Not Another Brick, Rehumanizing Diabetes Beyond Stigma: Reflections from the End Diabetes Global Summit
Posted date: June 02, 2026 |
Mohammed Najeeb Ashraf is a medical communications expert and the CEO of SciVoc Consulting with over 35 years of lived experience with Type 1 diabetes. He brings a deep commitment to advocacy, health equity, and elevating patient voice in science and research.
Najeeb’s Call to Action: Rehumanize diabetes care by seeing and treating people as individuals with lives, identities, aspirations, and experiences beyond their diabetes.
The End Diabetes Stigma conference in Jaipur, India, did not feel like just another addition to the long wall of conferences I have attended over the years. It wasn’t another “brick,” structured, informative, but distant. Instead, it felt like a relief that I didn’t know I needed.

I remember sitting in one of the early sessions, listening to a person living with diabetes describe how a routine clinic visit left them feeling judged rather than supported. There was no dramatic confrontation, no overt criticism, no complaints, but just a few words, a certain tone, a subtle shift in body language. Yet the impact lingered with them far beyond that consultation.

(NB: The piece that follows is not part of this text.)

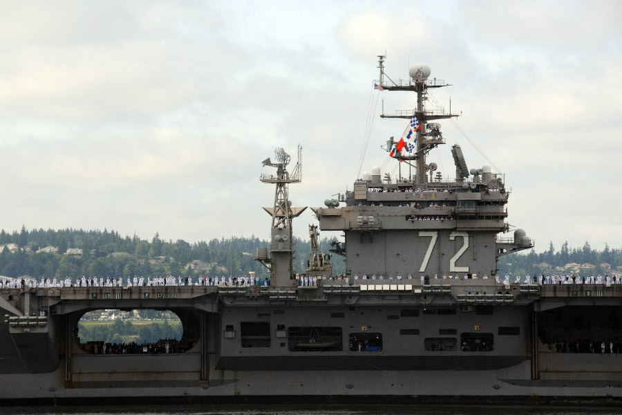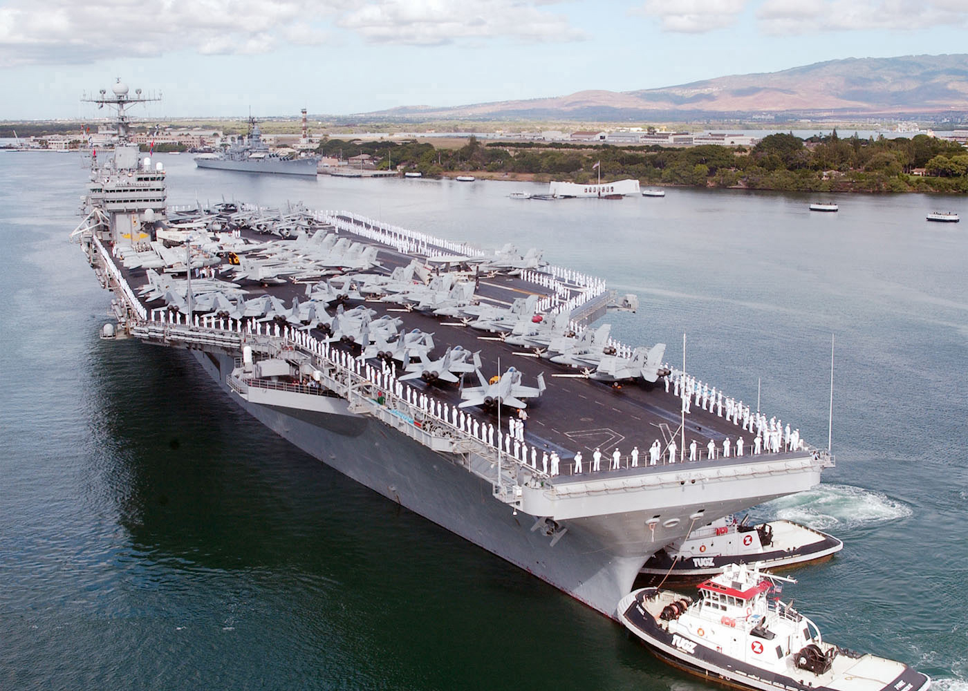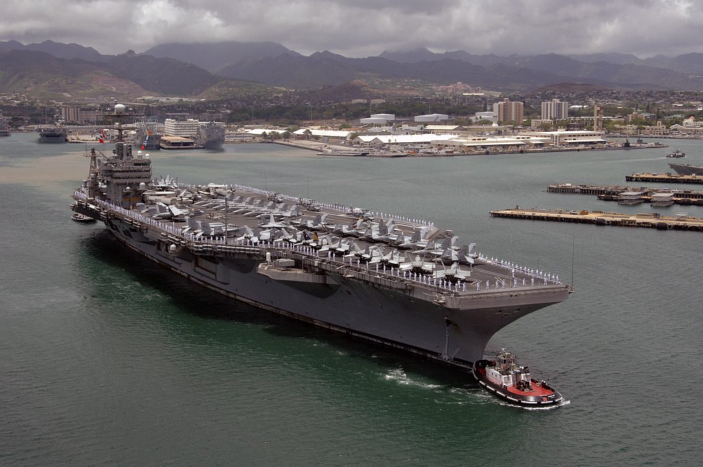 142k | USS Abraham Lincoln (CVN-72) enters Pearl Harbor for a port visit, 10 March 2011. The Nimitz-class aircraft carrier was returning to homeport in Everett, Wash., after a six-month deployment to the U.S. 5th and 7th Fleet Areas Of Responsibility supporting maritime security operations and theater security cooperation efforts. U.S. Navy photo by Mass Communication Specialist 2nd Class Arif Patani (# 110310-N-PM781-330). |

I found myself thinking about how many such moments we unintentionally create, and how rarely we pause to notice them.
Throughout the conference, many stories like these stayed with me more than any slide or statistic.
In conversations over coffee, in panel discussions, and even in the quiet in-between reflective moments, there was a recurring theme: people were not just managing diabetes, they were managing perceptions.
I recall speaking with a participant who said, almost in passing, “Sometimes the hardest part isn’t the condition, it’s the constant need to explain it.”
That sentence stayed with me long after the conversation ended.
It made me reflect on how easily we default to labels. Terms like “non-compliant” or “uncontrolled” have, at times, found their way into people’s professional vocabulary without much thought. Hearing these lived experiences made me reconsider not just the words themselves, but the assumptions behind them.
What we intend as clinical shorthand can often be received as judgment.

One moment that particularly stood out was a discussion on language. As the conversation unfolded, I became aware of how well-meaning communication can carry unintended weight. I found myself mentally revisiting past interactions with healthcare practitioners: emails written, discussions led, content developed, and wondering how they did not consider how I might have felt on the other side. It was both uncomfortable and necessary.
Yet, what made the conference truly different was not just the identification of the problem, but the sense of shared responsibility. There was a quiet but powerful acknowledgment that a single group does not create stigma and therefore cannot be addressed in isolation.
I had a brief exchange with a fellow attendee who said, “This isn’t about fixing patients; it’s about fixing the spaces around them.” That perspective felt both simple and profound.
The idea of community came through strongly. In rooms where patients, clinicians, and industry voices came together as equals, something shifted. The hierarchy softened. The conversations became more honest. It made me realize how rare and how necessary such spaces are.
As I left the conference, I found myself thinking less about what I had learned and more about what I needed to unlearn. Ending diabetes stigma is not a campaign or a one-time initiative. It is a continuous process of questioning our language, our assumptions, and the systems we operate within.


This conference was not another brick added to the familiar wall of professional discourse. If anything, it made me see the wall more clearly, how it has been built over time through habits, language, and blind spots. And perhaps more importantly, it made me believe that the work ahead is not about adding more structure but about carefully and intentionally taking parts of it down.
In that sense, Jaipur was a reminder that progress in diabetes care will not be defined solely by innovation or outcomes, but by whether the people at its center feel understood, respected, and truly seen.
And perhaps, that is where the real work begins.